Managing robots.txt

You can give instructions to web crawlers and other robots using the Robots Exclusion Protocol, i.e. a robots.txt file. The primary purpose of robots.txt files is to exclude certain pages from search engine indexing. Like with Sitemaps, the provided instructions are only considered as recommendations and may be ignored by some robots.

Creating a robots.txt file for your website

The most direct way to use robots.txt in Kentico is to physically add the text file into the root of your web project. However, this scenario does not allow you to assign different robots.txt files to specific websites (if there are multiple sites running on your installation). Additionally, it may be difficult to access the file system in certain types of hosting environments.

The recommended approach is to create a dedicated document in your site’s content tree and make it return the appropriate text response:

  1. Open the Pages application.

  2. Create a standard Page (menu item) document.

    • You can use the predefined SEO -> Robots.txt page template to quickly implement robots.txt documents.
  3. Add a Custom response web part to the page.

  4. Configure (double-click) the Custom response web part to generate a valid robots.txt response according to the following steps:

    1. Set the Content type property to text/plain.
    2. Enter an appropriate Encoding type, for example UTF–8.
    3. Set the Status code of the response to 200.
    4. Add the actual robots.txt instructions into the Content property, just like you would in a physical text file. This property supports K# macro expressions, so you can dynamically load values from the current system data if needed.
      Configuring the Custom response web part to generate a robots.txt response
  5. Open the Settings application and select the URLs and SEO category.

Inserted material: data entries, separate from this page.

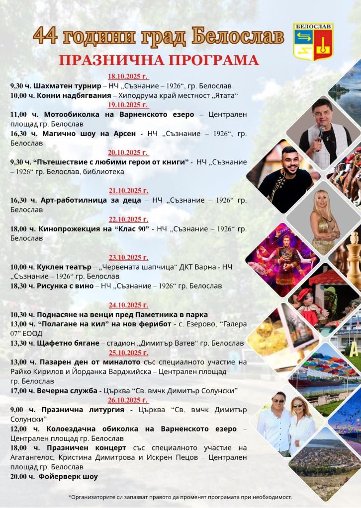 Град Белослав ще отбележи своя 44-ти рожден ден с цяла седмица от празнични събития, които ще съберат жители и гости на общината от 18 до 26 октомври 2025 г.
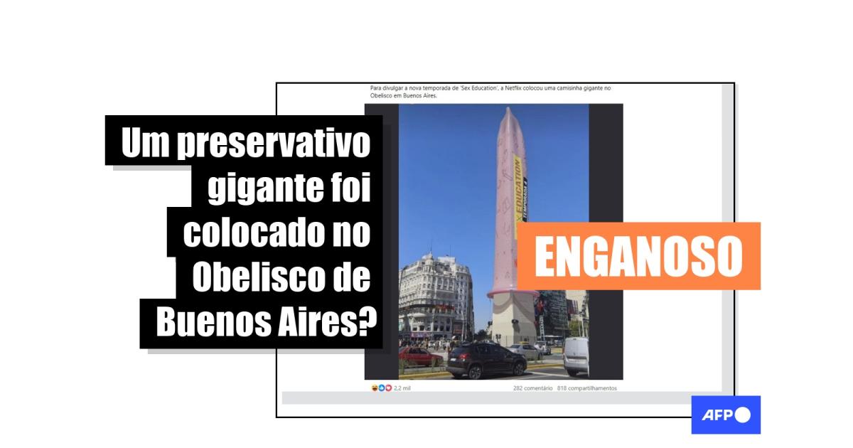 “Para divulgar a nova temporada de ‘Sex Education’, a Netflix colocou uma camisinha gigante no Obelisco em Buenos Aires”, diz a legenda de uma publicação no Facebook.
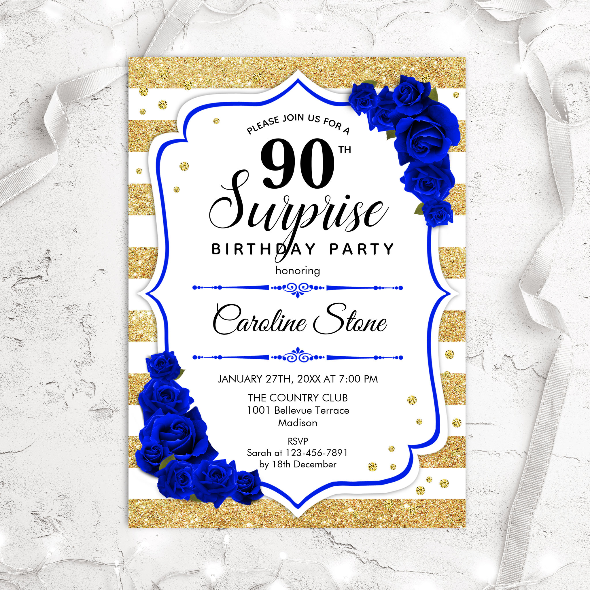 Surprise 90th Birthday – Gold White Royal Blue Invitation
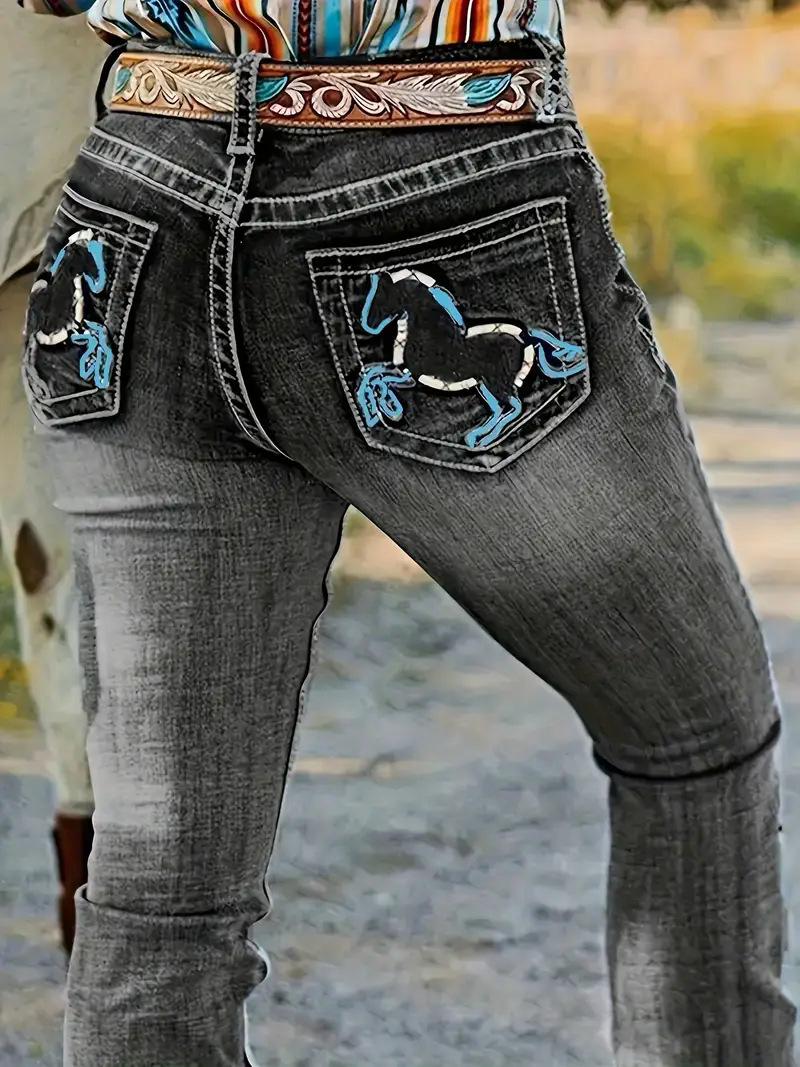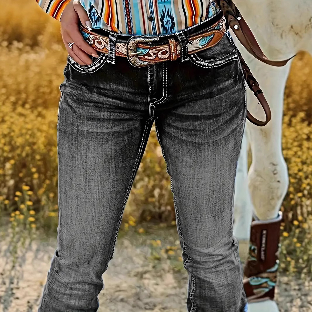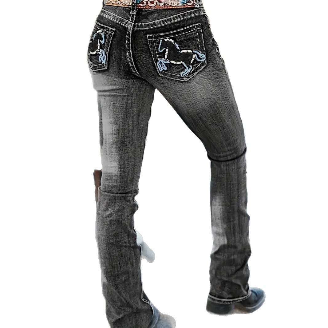 국경을 넘나드는 유럽과 미국의 아마존 베스트셀러 스트레치 여성용 자수 하이웨이스트 워싱 데님 스트레이트 팬츠입니다. 。
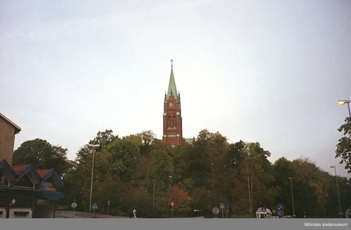 Fässbergs kyrka. Restaurang/café/konditori Sahlins terrass på Storgatan skymtar till vänster. Mölndalsbro i dag - ett skolpedagogiskt dokumentationsprojekt på Mölndals museum under oktober 1996. 1996_1338-1356 är gjorda av högstadieelever från Åbyskolan 8A, grupp 6. Se även 1996_0913-0940, gruppbilder på klasserna 1996_1382-1405 och bilder från den färdiga utställningen 1996_1358-1381.
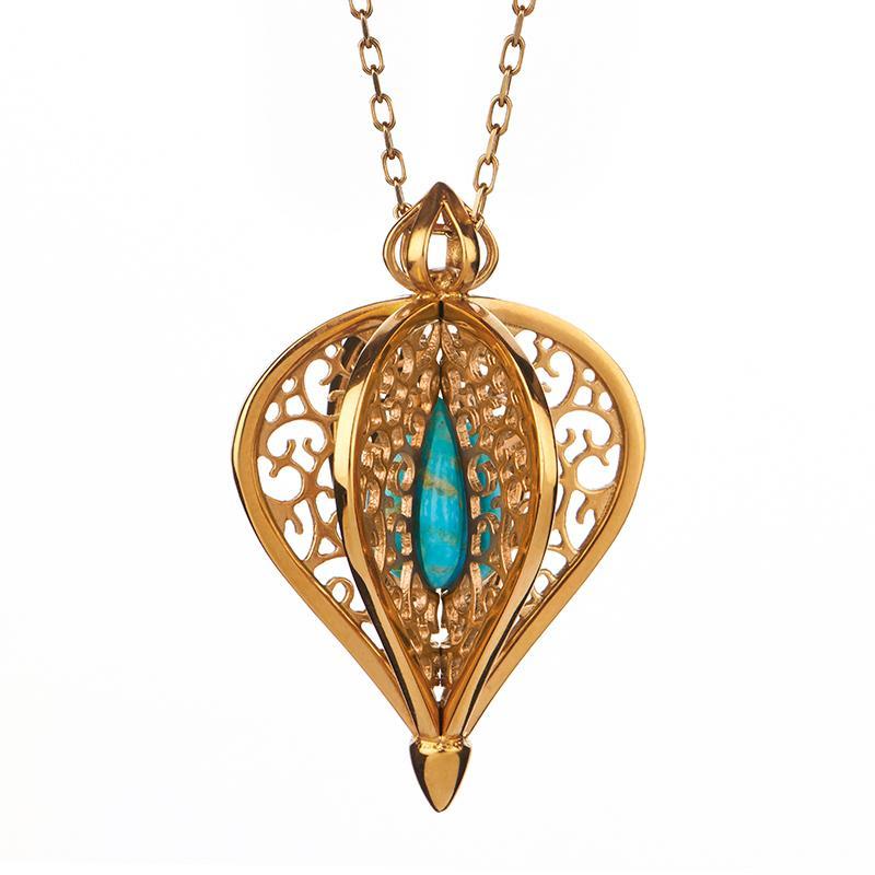 9ct Yellow Gold Turquoise Flore Filigree Small Necklace P2338C
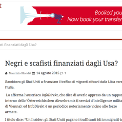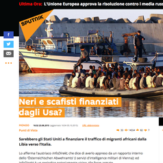 The TzeTze post linked back to the original version of the story published on Sputnik Italia, which went on to claim the refugee crisis was not being driven by people fleeing war in Syria and elsewhere, but by deliberate US strategy. Sputnik in turn had picked up the story, which originated in a far-right publication, from the blog of a right-wing former Italian journalist who claims 9/11 was an inside job and whose diatribes are often picked up and reported as fact by TzeTze and Sputnik. The headline on this blogpost: “Niggers and smugglers”.

  6. Enter the path of your robots.txt document into the Robots.txt path setting.

    • You can specify a different value for each site by using the Site selector above the settings tree.

The output of the specified document is always available under the standard <website domain>/robots.txt URL, regardless of the document’s location in the content tree. Compliant web crawlers read the instructions from this URL before processing other pages on the website.

Enabling the .txt extension

To ensure that the <domain>/robots.txt URL is available, you need to configure your application to handle all request extensions:

  1. Edit your application’s web.config file.

  2. Find the system.webServer section directly under the web.config root (i.e. not under a specific <location> element).

  3. Add the following attribute to the <modules> element:

    
    
    
     <modules runAllManagedModulesForAllRequests="true">
    
    
     

Excluding documents manually

You can also configure individual documents to be excluded from search engine listings without the need to prepare a robots.txt file.

  1. Open the Pages application.
  2. Select the given document in the content tree.
  3. Open the Properties -> Navigation tab.
  4. Enable the Exclude from search property.
  5. Click Save.

The system automatically adds the following meta tag to the <head> section in the HTML output of such pages:




 <meta name="robots" content="noindex,nofollow" />


This instructs web crawlers not to index the page and to ignore any links in the content.